Deploying G-thinker on Your Cluster

Other Documentations: [How to Run], [How to Program], [The Complete API]
Click here if you wish to deploy with virtual machines on Microsoft Azure.

G-thinker is implemented in C/C++ and runs on Linux. G-thinker reads/writes data from/to files on Hadoop Distributed File System (HDFS) through LibHDFS, and sends messages using MPI (Message Passing Interface). Below is a checklist of the software dependencies.

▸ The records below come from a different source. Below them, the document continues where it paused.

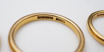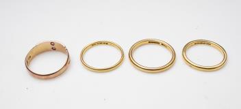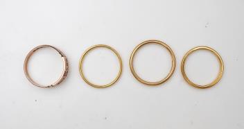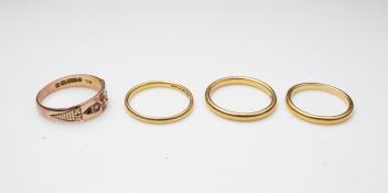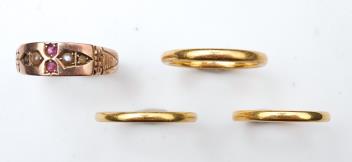 A collection of four gold rings, comprising: three wedding bands in 22ct gold, sizes L1/2, O and O1/2 respectively, each with British hallmarks, combined gross weight approximately 8.5 grams; and a ruby and split pearl ring in 9ct gold, size O, British hallmarks, date for 1903, pearls untested, gross weight approximately 2.5 grams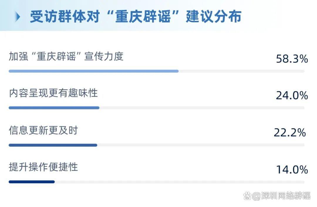 ·公眾對“重慶辟謠”的改進訴求鮮明,加強宣傳力度占比58.3%,與8.4%的知曉率形成直接呼應(yīng)。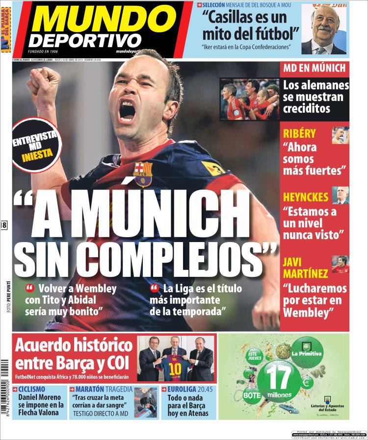 MUNDO DEPORTIVO BARCELLONA – Sul quotidiano Mundo Deportivo si parla di Iniesta che ha caricato i compagni di squadra in vista della partita contro il Bayern Monaco.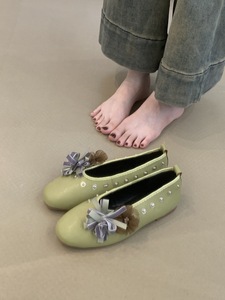 装饰可拆~软皮软底平底单鞋女2025韩系新款圆头浅口一脚蹬奶奶鞋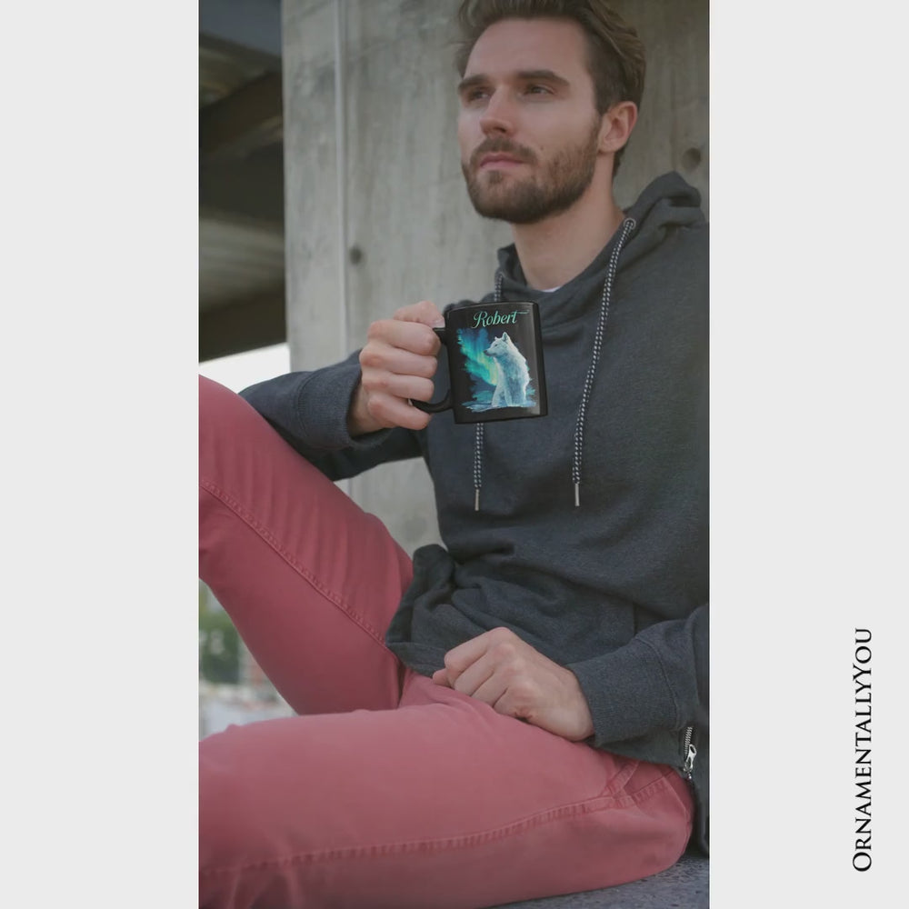 Wild Aurora White Wolf Personalized Mug, Northern Lights Arctic Wolf Gift with Custom Name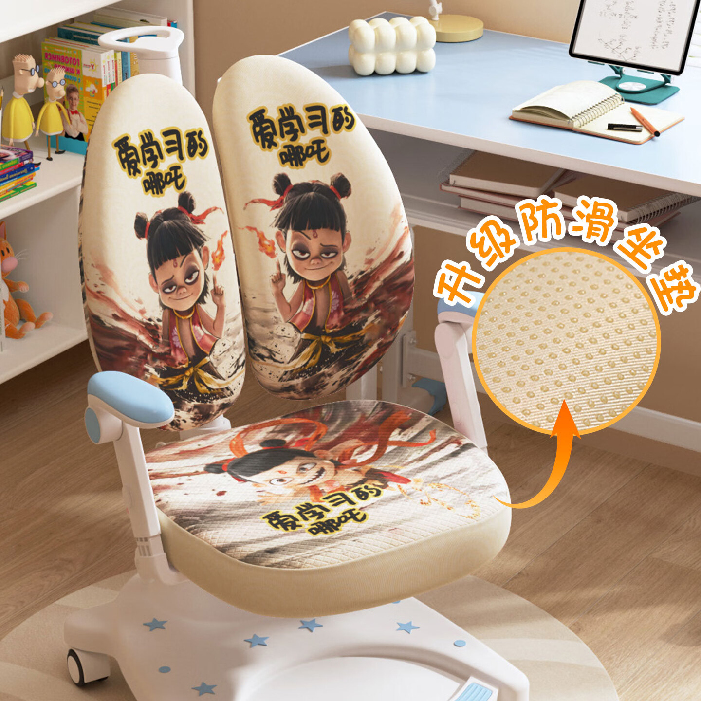 LULUDANY儿童学习椅套罩哪吒魔童防滑爱果乐护童学生写字专用座椅靠背坐套 (M码)魔童降世【升级防滑座垫】 无规格
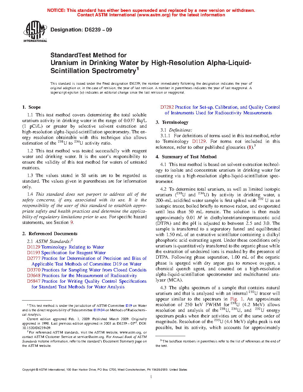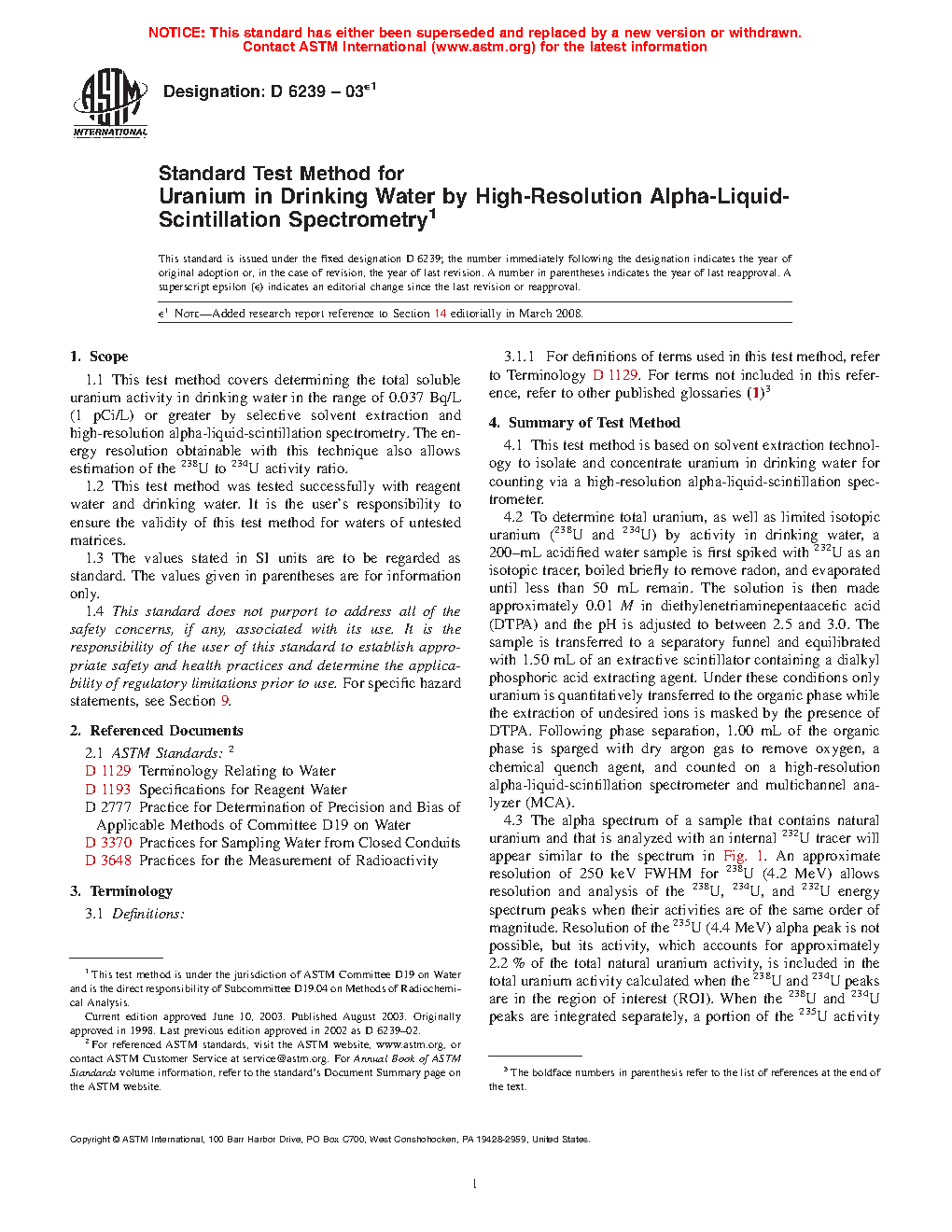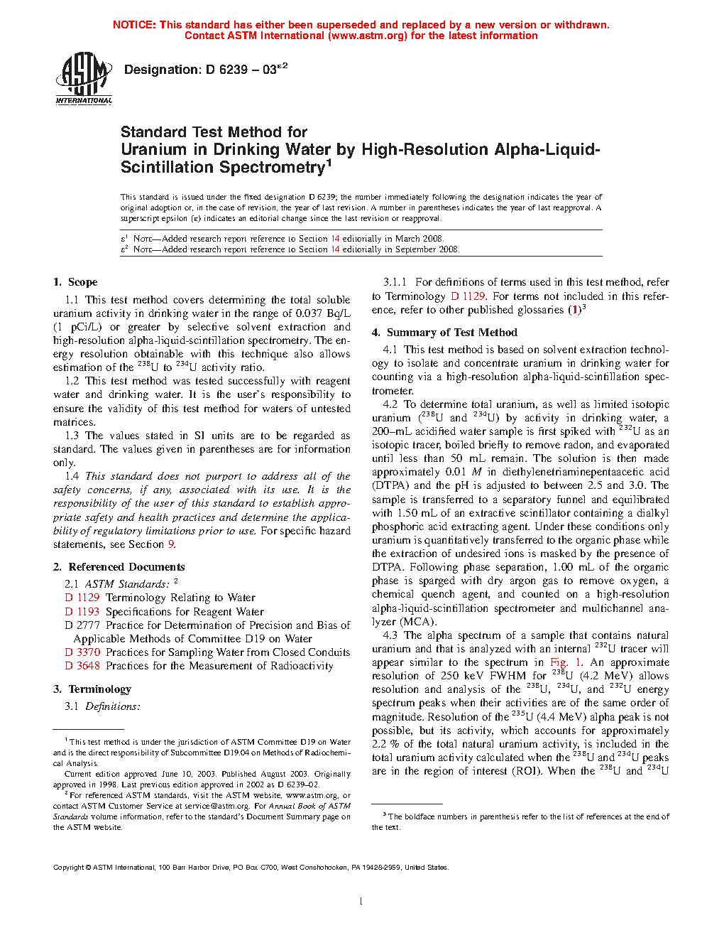 1.1 This test method covers determining the total soluble uranium activity in drinking water in the range of 0.037 Bq/L (1 pCi/L) or greater by selective solvent extraction and high-resolution alpha-liquid-scintillation spectrometry. The energy resolution obtainable with this technique also allows estimation of the 238U to 234U activity ratio.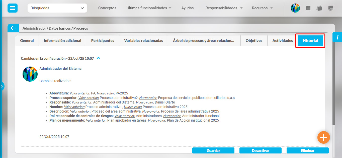 El historial permite registrar de forma automática todas las modificaciones realizadas en las pestañas General, Participantes o variables relacionadas, garantizando la trazabilidad y facilitando la auditoría del sistema.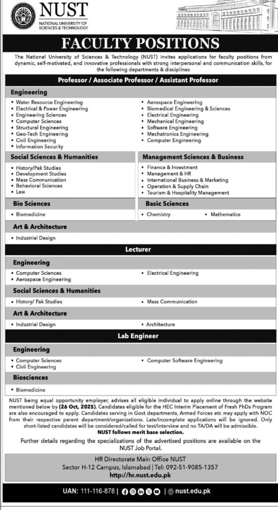 For more details, visit NUST Job Portal or contact HR Directorate at NUST via the provided contact information.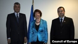 Kryeministrat e Kosovës dhe Serbisë, Hashim Thaçi e Ivica Daçiç, u takuan mbrëmë në Bruksel me ndërmjetësimin e shefes së politikës së jashtme të Bashkimit Evropian, Catherine Ashton, për të vazhduar bisedimet e filluara më 19 tetor, në takimin e parë të tyre.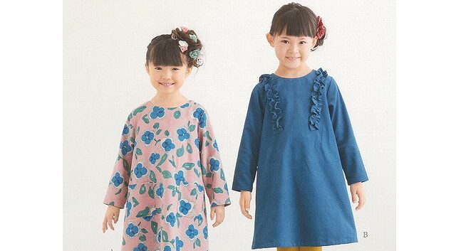 ふんわりかわいいひざ丈のワンピースが2種類作れます。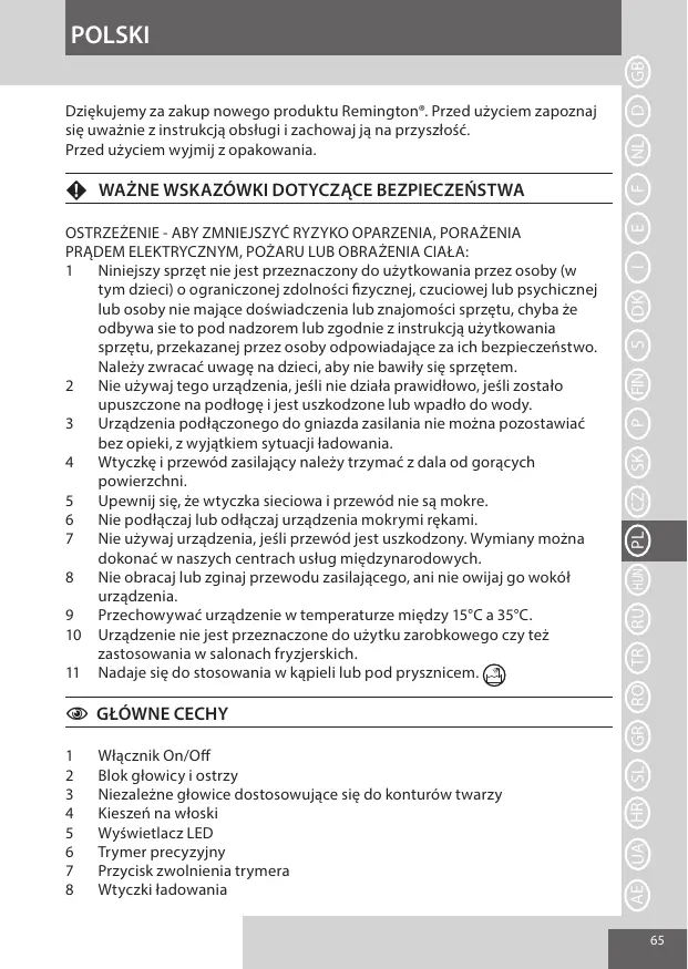 UA F WAŻNE WSKAZÓWKI DOTYCZĄCE BEZPIECZEŃSTWA AE Dziękujemy za zakup nowego produktu Remington®. Przed użyciem zapoznaj się uważnie z instrukcją obsługi i zachowaj ją na przyszłość. Przed użyciem wyjmij z opakowania.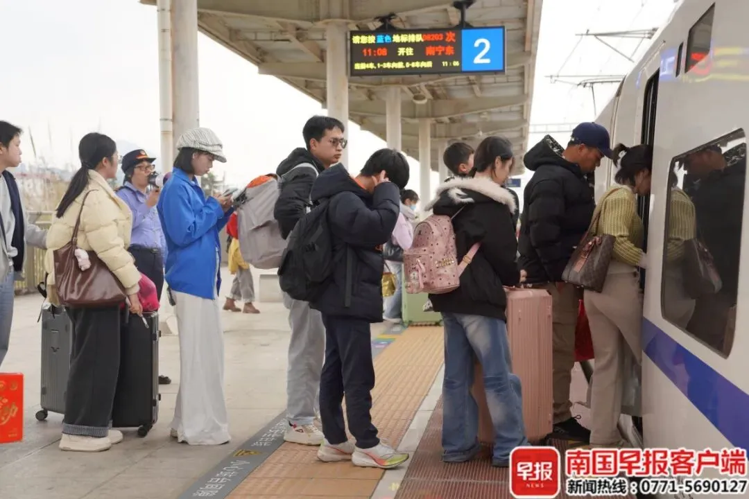 随着春节假期结束,各地高校陆续开学,学生流与返岗流叠加形成出行高峰。2月27日,南国早报全媒体记者从国铁南宁局获悉,该局自2月27日起至3月8日加开1096列动车组列车,为返程客流保驾护航。针对广西区内学生返校和务工返岗时段相对集中、方向相对固定的特点,该局充分依托大数据分析,提前摸排区内各高校开学时间,对接各地人社部门了解务工人员出行动态,优化调整运能结构。学生旅客在鹿寨北站乘车。卢穗萍摄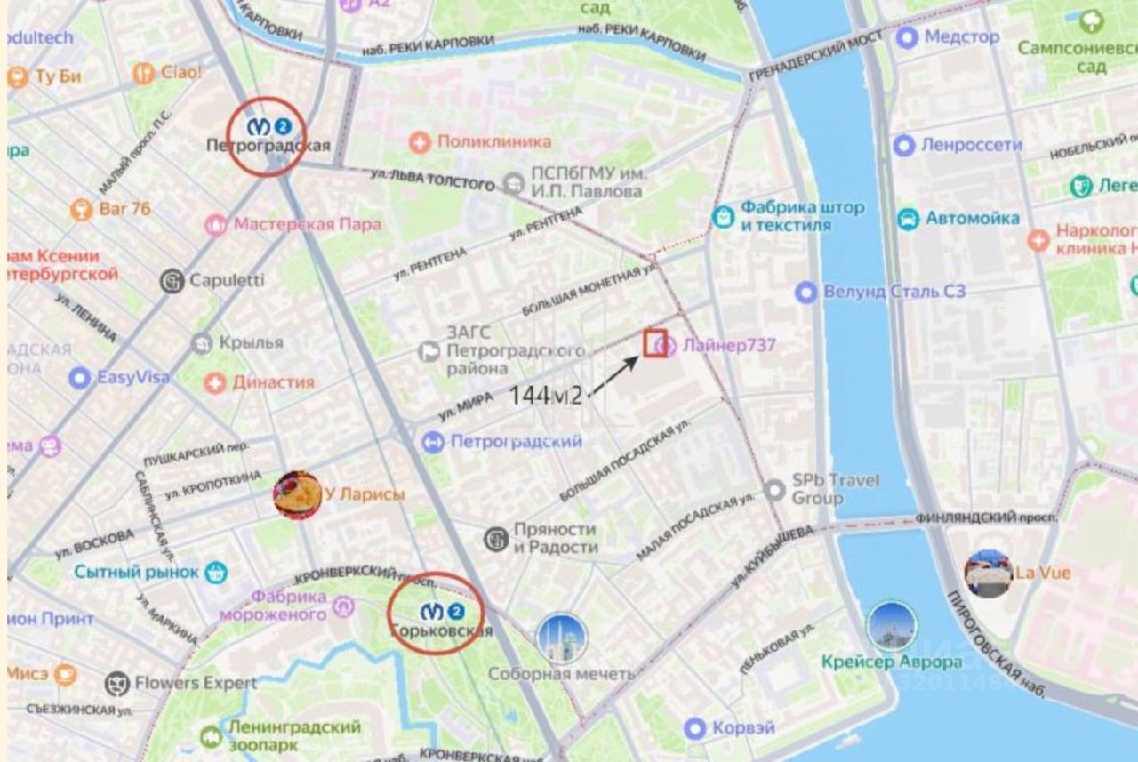 Густонаселённый жилой район. Помещение находится в здании рядом (примыкает) с новом ЖК "Мироздание". По соседству небольшой магазин продуктов 24 часа, Ароматный мир, кофейня, винный бутик. Отличная пешеходная и транспортная доступность, до ст. метро Петроградская и Горьковская примерно 10-15 минут спокойной ходьбы. Недалеко расположены остановки общественного транспорта. Возможное использование продуктовый магазин, салон красоты, офис оказания услуг, массажный салон, шоурум, творчество и т.д.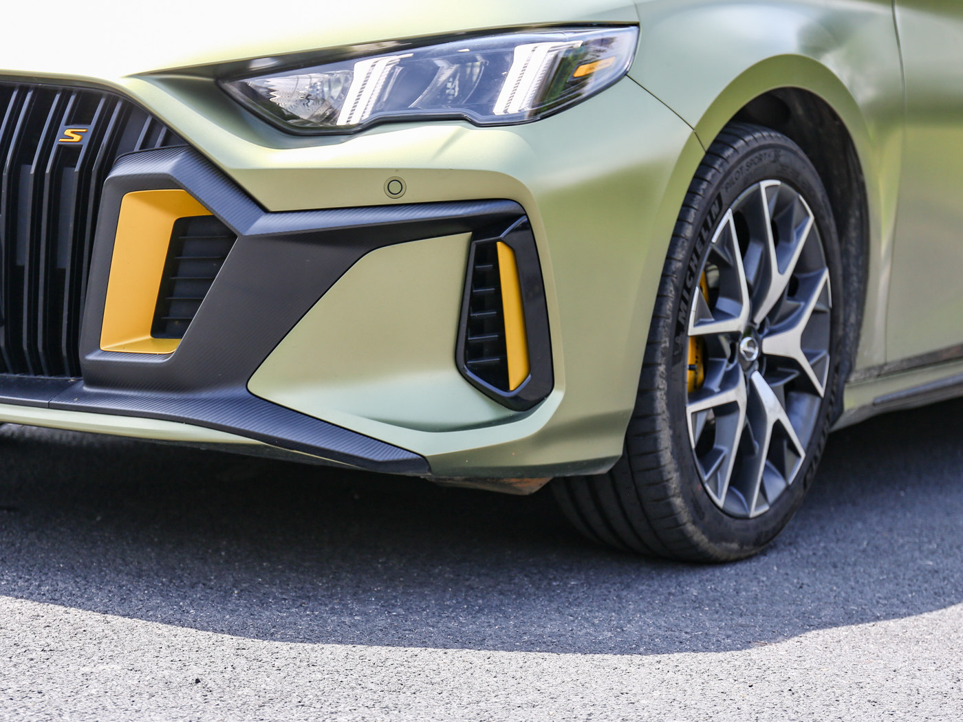 两侧前大灯内部的LED灯组细节更为吸睛,细长锐利的造型带来如豹子般的压迫感,成为整台车的点睛之笔。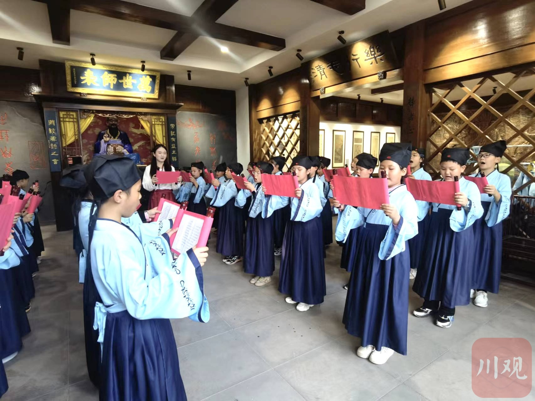 在渠县文峰书院,身着汉服的孩子们整齐诵读着《文明中国》。赵青 摄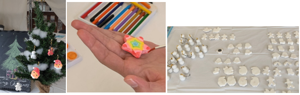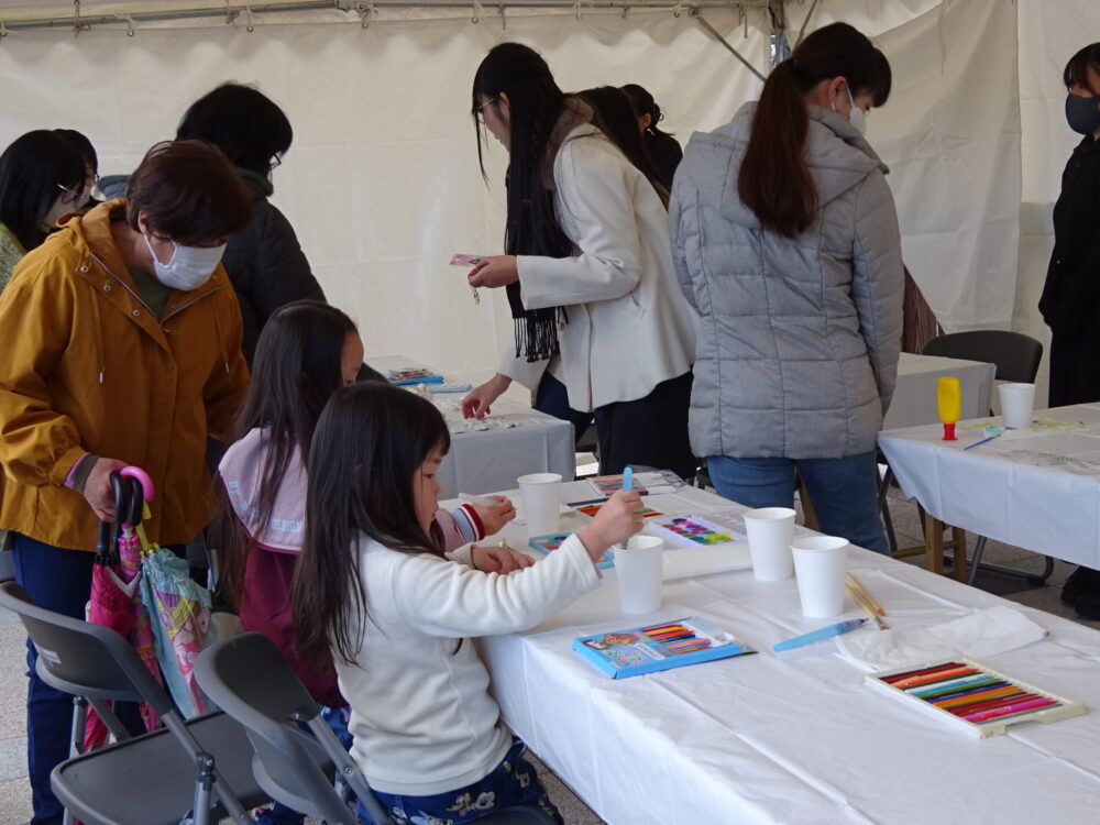 デザイン美術学科の学生と一緒に、オーナメントを作って、一足早いクリスマス気分を楽しんでいただく企画でした。学生が作ったオーナメント(装飾品)から、お好みのデザインを選んで色塗りを楽しんでいただきました。フォトスポットもご用意しました。完成後は、お持ち帰りいただきました。

  • GCC (GNU Compiler Collection)    [go]
  • MPICH or Open MPI    [go]
  • JDK    [go]
  • Hadoop    [go]

This webpage explains how to deploy G-thinker on a cluster where each machine just has its 64-bit Linux OS set up. The dependencies and their installed locations are given as follows:

  • MPICH v3.2:        /usr/local/mpich
  • OpenJDK 7:         /usr/lib/jvm/java-1.7.0-openjdk
  • Hadoop v2.7.5:    /usr/local/hadoop
We also put all HDFS data under /local/hdfs. If you already installed some of the dependencies above in your preferred locations, you may skip the relevant dependency installation, and change the paths in this tutorial wherever approriate. If you are using Hadoop v1, please refer to this configuration tutorial.

Installing G++

G-thinker is written in C++, using C++11 multithreading. Therefore, one needs to have a GCC version that supports C++11 installed. If GCC is not installed on your Linux, install it as follows (the command depends on your Linux distribution).

# For Ubuntu users
sudo apt-get install g++
[type password]
# For CentOS users
sudo yum install gcc-c++
[type password]

MPI Installation

We now deploy MPICH3 on each machine of a cluster. If you use other MPI implementations like Open MPI, please make proper changes.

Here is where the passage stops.